Problem requirements: Reproduce the records word for word, leaving out any pictures they hold.

Record extracts:
§ §

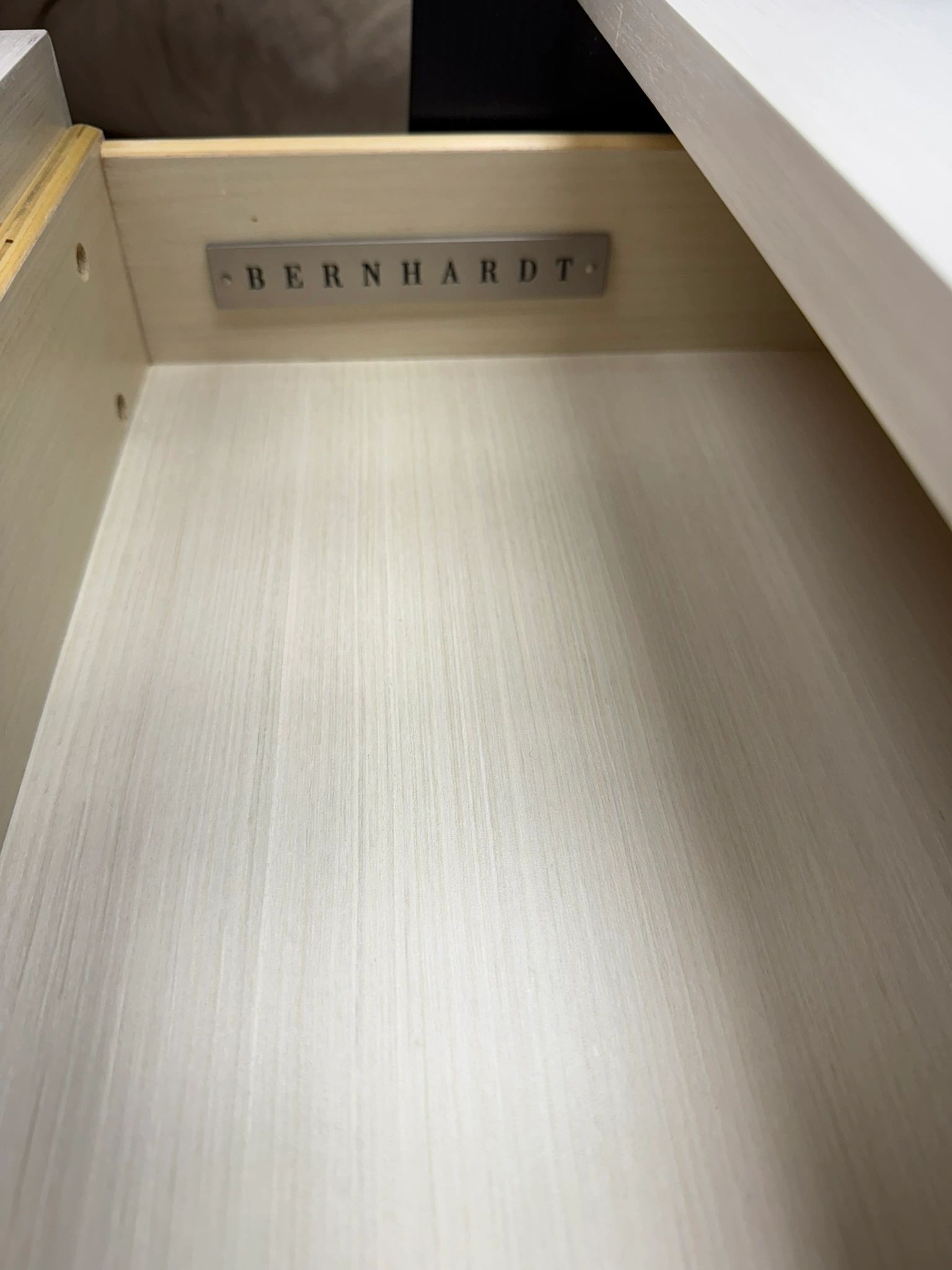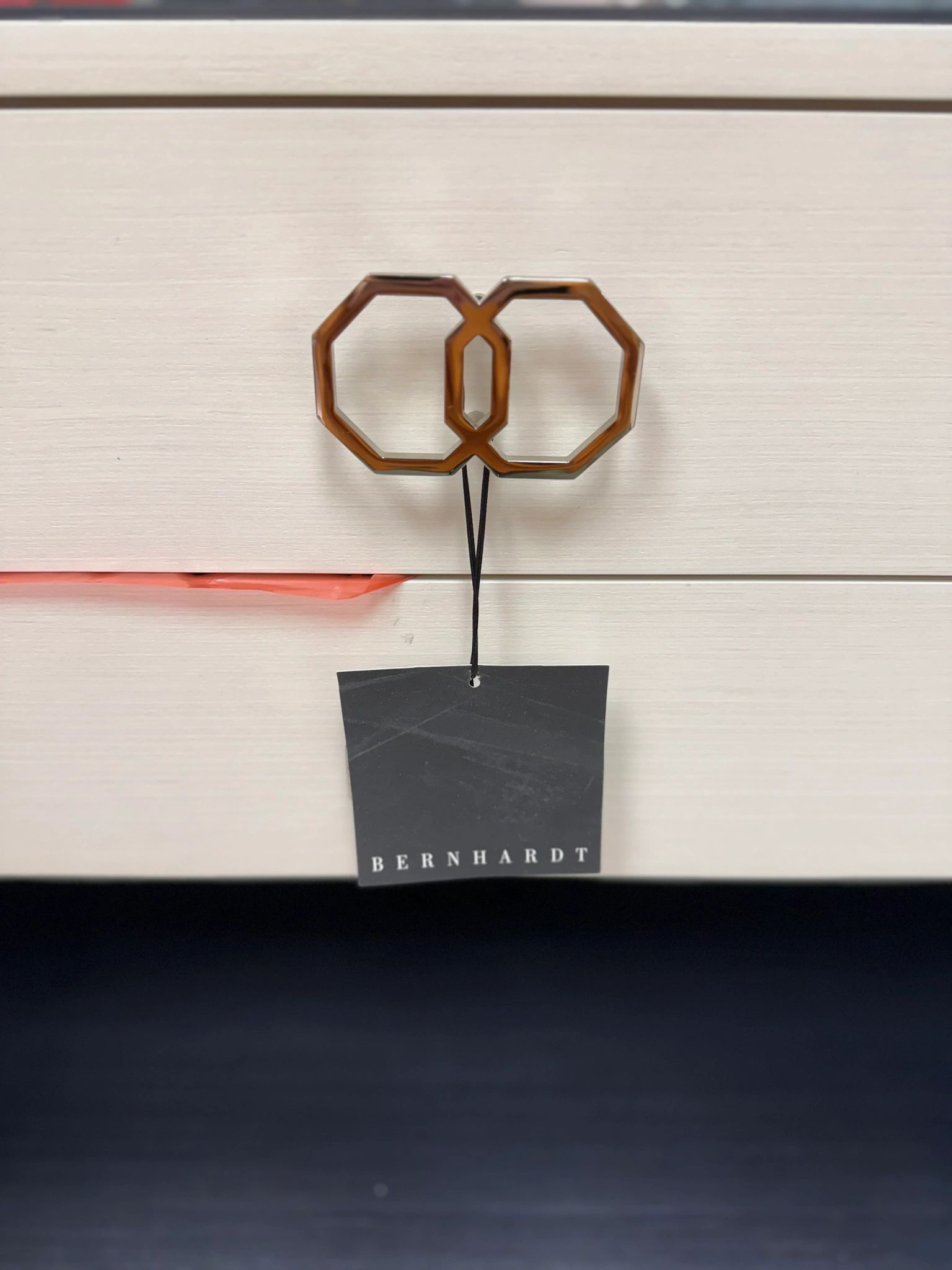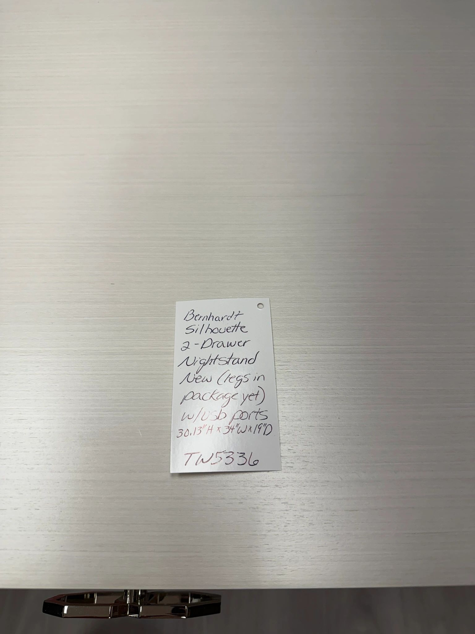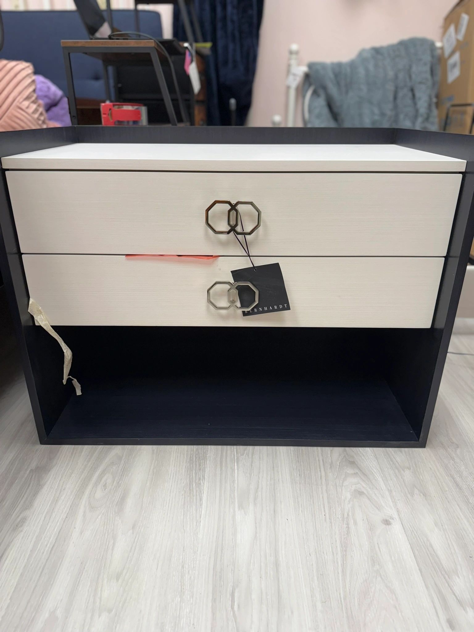 The Bernhardt Silhouette 2-Drawer Nightstand adds a touch of modern elegance to your bedroom decor. Featuring unique geometric handles and a sleek black frame and 2 usb ports. Shipping not available.
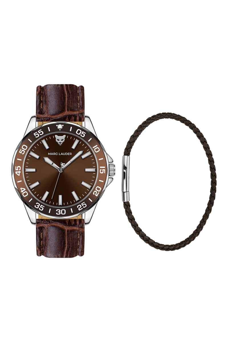 Coffret relógio de quartzo em couro e pulseira de couro Ljublijana
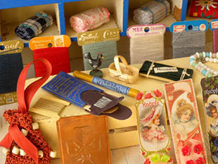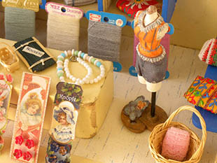 スプールに巻かれたカラフルなカラーの毛糸のような糸が6個、左の棚にはシェルビーズの飾りが付いた茶色
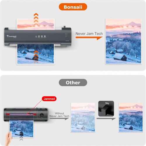 - 【100% Never Jam】Paper jams during laminating process can hinder efficiency and damage your documents. Discover the latest model from Bonsaii. The Bonsaii laminate machines, equipped with exclusive anti-jam technology that reliably prevents jams, safeguards your items, and ensures superior performance.
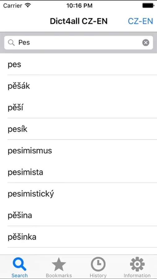 This czech-english and english-czech dictionary contains more then 160 000 czech and 125 000 english words, phrases and vocabulary items. That’s why it’s the biggest dictionary on the App Store!
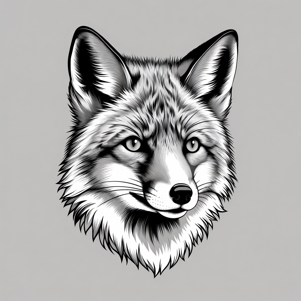 alert expression, animal, black and white, clipart, detailed fur, ears, eyes, fox head, furry, grayscale, illustration, isolated background, mammal, muzzle, portrait, vector art, whiskers, wildlife, fox
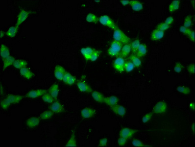 Immunofluorescence staining of SH-SY5Y cells with CSB-PA018565LA01HU at 1:200, counter-stained with DAPI. The cells were fixed in 4% formaldehyde, permeabilized using 0.2% Triton X-100 and blocked in 10% normal Goat Serum. The cells were then incubated with the antibody overnight at 4°C. The secondary antibody was Alexa Fluor 488-congugated AffiniPure Goat Anti-Rabbit IgG(H+L).
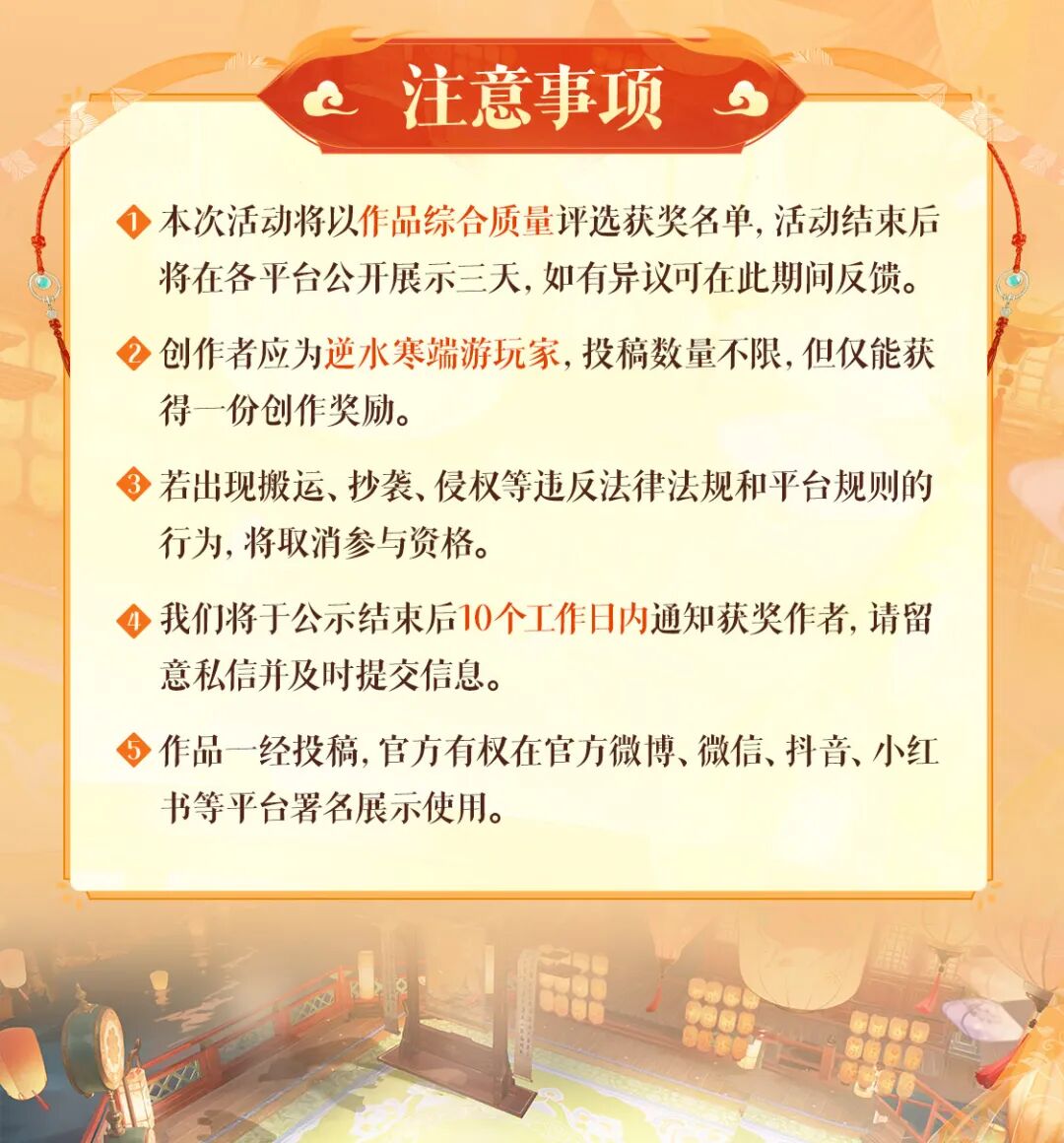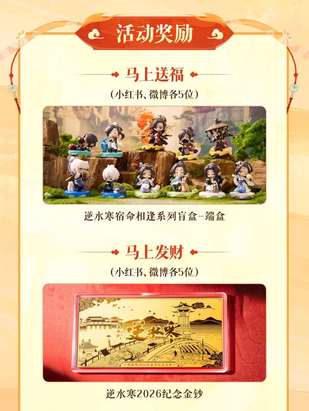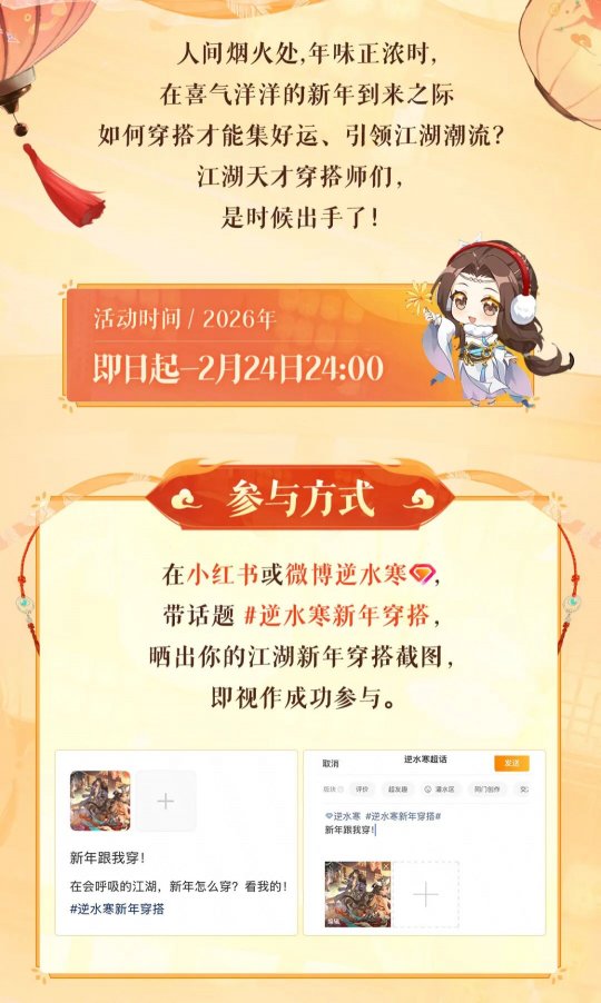 新年脚步渐近,小寒无论走到哪里,都能看见同门们热烈讨论着新年该如何穿搭,大家都想漂漂亮亮、神采奕奕地迎接新的一年呢! 与其独自闭门纠结,不如集思广益,让全江湖的同门一起帮你出谋划策!说干就干,小寒宣布,2026年新年穿搭征集活动【新年穿搭看“逆”们】正式开始! 只要在逆水寒超话或小红书平台,带上话题?#逆水寒新年穿搭,以及自己的穿搭美照,即视为成功参加!各位穿搭大神速来一展身手,用你绝佳品味和超前审美,赢得全江湖的瞩目与喝彩吧! 当然,不白来啊!大家都不白来!小寒专程在仓库里翻了又翻,搬出来不少奇珍异宝送同门——宿命相逢系列盲盒(端盒)、逆水寒2026纪念金钞、逆水寒角色设定集、猴咪店长毛绒玩偶挂件都已备好,你会是它们的主人吗! 小寒可太期待看到大家的作品啦!手里的奖品早已等不及要找到主人,各位同门快来带走它吧!让我们一起美美亮相,开足马力,冲向崭新的一年! 点击加入叶子猪逆水寒玩家群QQ群:711879579。或者打开微信,扫码添加叶小猪好友,回复“14”,叶小猪将拉你进玩家微信群。 更多逆水寒攻略请关注叶子猪逆水寒专区:http://www.yzz.cn/game/nsh/。 |
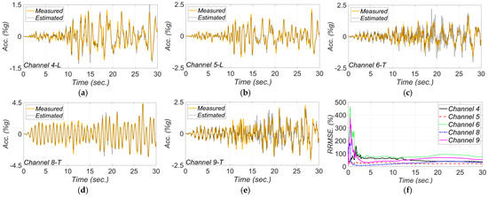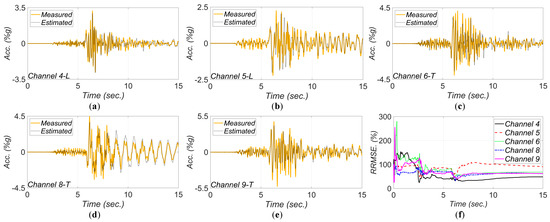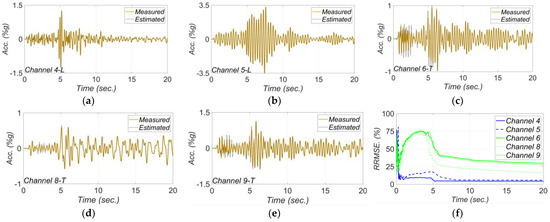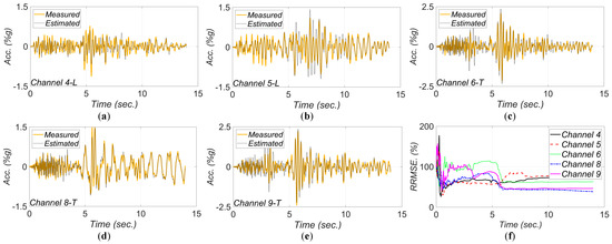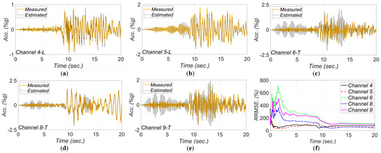 Comparison between measured and estimated (from updated model) responses at different measurement channels for 2018 Santa Cruz earthquake: (a) channel 4, (b) channel 5, (c) channel 6, (d) channel 8, (e) channel 9. Part (f) is the corresponding RRMSEs.
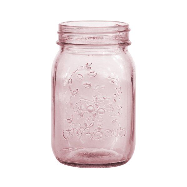 This Glass Mason Jar Large in Rose displays a raised glass botanical decoration. With a wide and stout shape, this mason jar is well-suited to small floral and candle displays with garden-style or a rustic aesthetic.
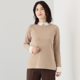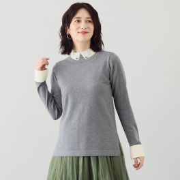 バーチ ドゥエ 快適着心地! トロンプルイユ スタンドボタンダウン風 ニットプルオーバー
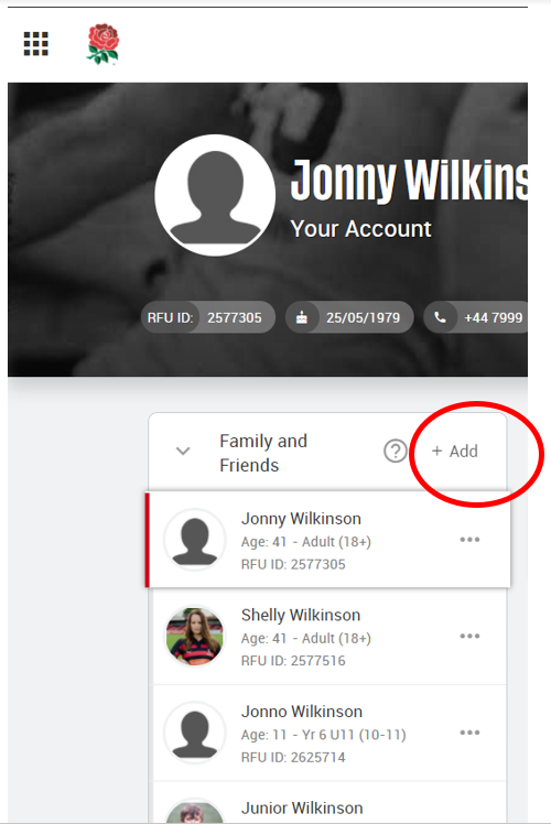 To add family members, and link them to linked to your account, log into GMS, select ‘add’ on your dashboard within the Family and Friends widget.
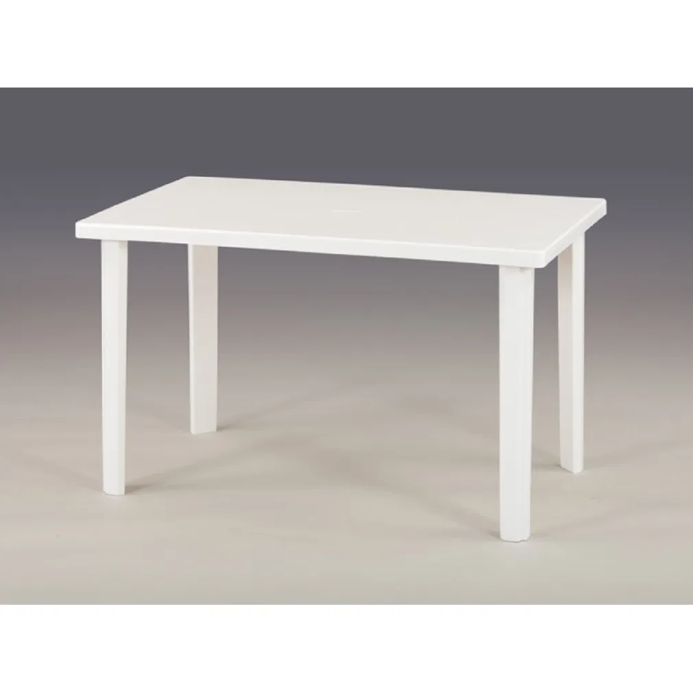 Il tavolo rettangolare 120x70cm bianco è realizzato in plastica resistente agli agenti atmosferici, con una finitura lucida che lo protegge dai raggi UV e dalla pioggia, garantendo lunga durata nel tempo.
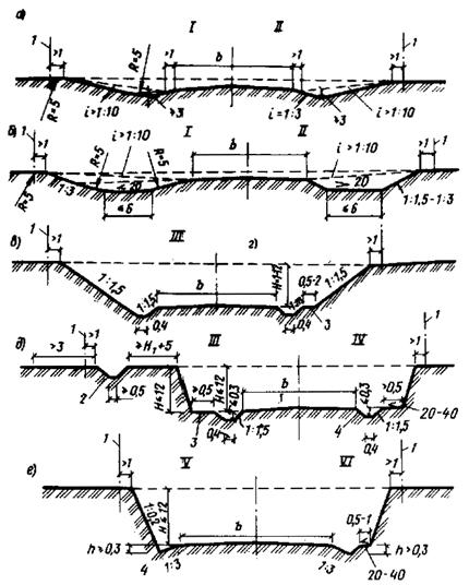 а - глубиной до 1 м - раскрытые; б - глубиной до 1 м - разделанные под насыпь; в - глубиной до 12 м в песчаных и глинистых грунтах; г - то же, в обломочных осыпающихся грунтах; д - то же, в лессовых и лессовидных грунтах; е - то же, в скальных монолитных слаботрещиноватых грунтах, в том числе: I - с обтекаемым поперечным профилем; II - необтекаемым профилем; III - при косогорной местности; IV - на ровных участках; V - в скальных невыветривающихся грунтах; VI - в слабовыветривающихся грунтах; 1 - граница полосы отвода; 2 - нагорная канава; 3 - полка; 4 - кювет; L - уклон; Н - высота насыпи; R - радиус сопряжения поверхности на профиле

§ §

Output:
 The Bernhardt Silhouette 2-Drawer Nightstand adds a touch of modern elegance to your bedroom decor. Featuring unique geometric handles and a sleek black frame and 2 usb ports. Shipping not available.
 Coffret relógio de quartzo em couro e pulseira de couro Ljublijana
 スプールに巻かれたカラフルなカラーの毛糸のような糸が6個、左の棚にはシェルビーズの飾りが付いた茶色
 - 【100% Never Jam】Paper jams during laminating process can hinder efficiency and damage your documents. Discover the latest model from Bonsaii. The Bonsaii laminate machines, equipped with exclusive anti-jam technology that reliably prevents jams, safeguards your items, and ensures superior performance.
 This czech-english and english-czech dictionary contains more then 160 000 czech and 125 000 english words, phrases and vocabulary items. That’s why it’s the biggest dictionary on the App Store!
 alert expression, animal, black and white, clipart, detailed fur, ears, eyes, fox head, furry, grayscale, illustration, isolated background, mammal, muzzle, portrait, vector art, whiskers, wildlife, fox
 Immunofluorescence staining of SH-SY5Y cells with CSB-PA018565LA01HU at 1:200, counter-stained with DAPI. The cells were fixed in 4% formaldehyde, permeabilized using 0.2% Triton X-100 and blocked in 10% normal Goat Serum. The cells were then incubated with the antibody overnight at 4°C. The secondary antibody was Alexa Fluor 488-congugated AffiniPure Goat Anti-Rabbit IgG(H+L).
 新年脚步渐近,小寒无论走到哪里,都能看见同门们热烈讨论着新年该如何穿搭,大家都想漂漂亮亮、神采奕奕地迎接新的一年呢! 与其独自闭门纠结,不如集思广益,让全江湖的同门一起帮你出谋划策!说干就干,小寒宣布,2026年新年穿搭征集活动【新年穿搭看“逆”们】正式开始! 只要在逆水寒超话或小红书平台,带上话题?#逆水寒新年穿搭,以及自己的穿搭美照,即视为成功参加!各位穿搭大神速来一展身手,用你绝佳品味和超前审美,赢得全江湖的瞩目与喝彩吧! 当然,不白来啊!大家都不白来!小寒专程在仓库里翻了又翻,搬出来不少奇珍异宝送同门——宿命相逢系列盲盒(端盒)、逆水寒2026纪念金钞、逆水寒角色设定集、猴咪店长毛绒玩偶挂件都已备好,你会是它们的主人吗! 小寒可太期待看到大家的作品啦!手里的奖品早已等不及要找到主人,各位同门快来带走它吧!让我们一起美美亮相,开足马力,冲向崭新的一年! 点击加入叶子猪逆水寒玩家群QQ群:711879579。或者打开微信,扫码添加叶小猪好友,回复“14”,叶小猪将拉你进玩家微信群。 更多逆水寒攻略请关注叶子猪逆水寒专区:http://www.yzz.cn/game/nsh/。 |
 Comparison between measured and estimated (from updated model) responses at different measurement channels for 2018 Santa Cruz earthquake: (a) channel 4, (b) channel 5, (c) channel 6, (d) channel 8, (e) channel 9. Part (f) is the corresponding RRMSEs.
 This Glass Mason Jar Large in Rose displays a raised glass botanical decoration. With a wide and stout shape, this mason jar is well-suited to small floral and candle displays with garden-style or a rustic aesthetic.
 バーチ ドゥエ 快適着心地! トロンプルイユ スタンドボタンダウン風 ニットプルオーバー
 To add family members, and link them to linked to your account, log into GMS, select ‘add’ on your dashboard within the Family and Friends widget.
 Il tavolo rettangolare 120x70cm bianco è realizzato in plastica resistente agli agenti atmosferici, con una finitura lucida che lo protegge dai raggi UV e dalla pioggia, garantendo lunga durata nel tempo.
 а - глубиной до 1 м - раскрытые; б - глубиной до 1 м - разделанные под насыпь; в - глубиной до 12 м в песчаных и глинистых грунтах; г - то же, в обломочных осыпающихся грунтах; д - то же, в лессовых и лессовидных грунтах; е - то же, в скальных монолитных слаботрещиноватых грунтах, в том числе: I - с обтекаемым поперечным профилем; II - необтекаемым профилем; III - при косогорной местности; IV - на ровных участках; V - в скальных невыветривающихся грунтах; VI - в слабовыветривающихся грунтах; 1 - граница полосы отвода; 2 - нагорная канава; 3 - полка; 4 - кювет; L - уклон; Н - высота насыпи; R - радиус сопряжения поверхности на профиле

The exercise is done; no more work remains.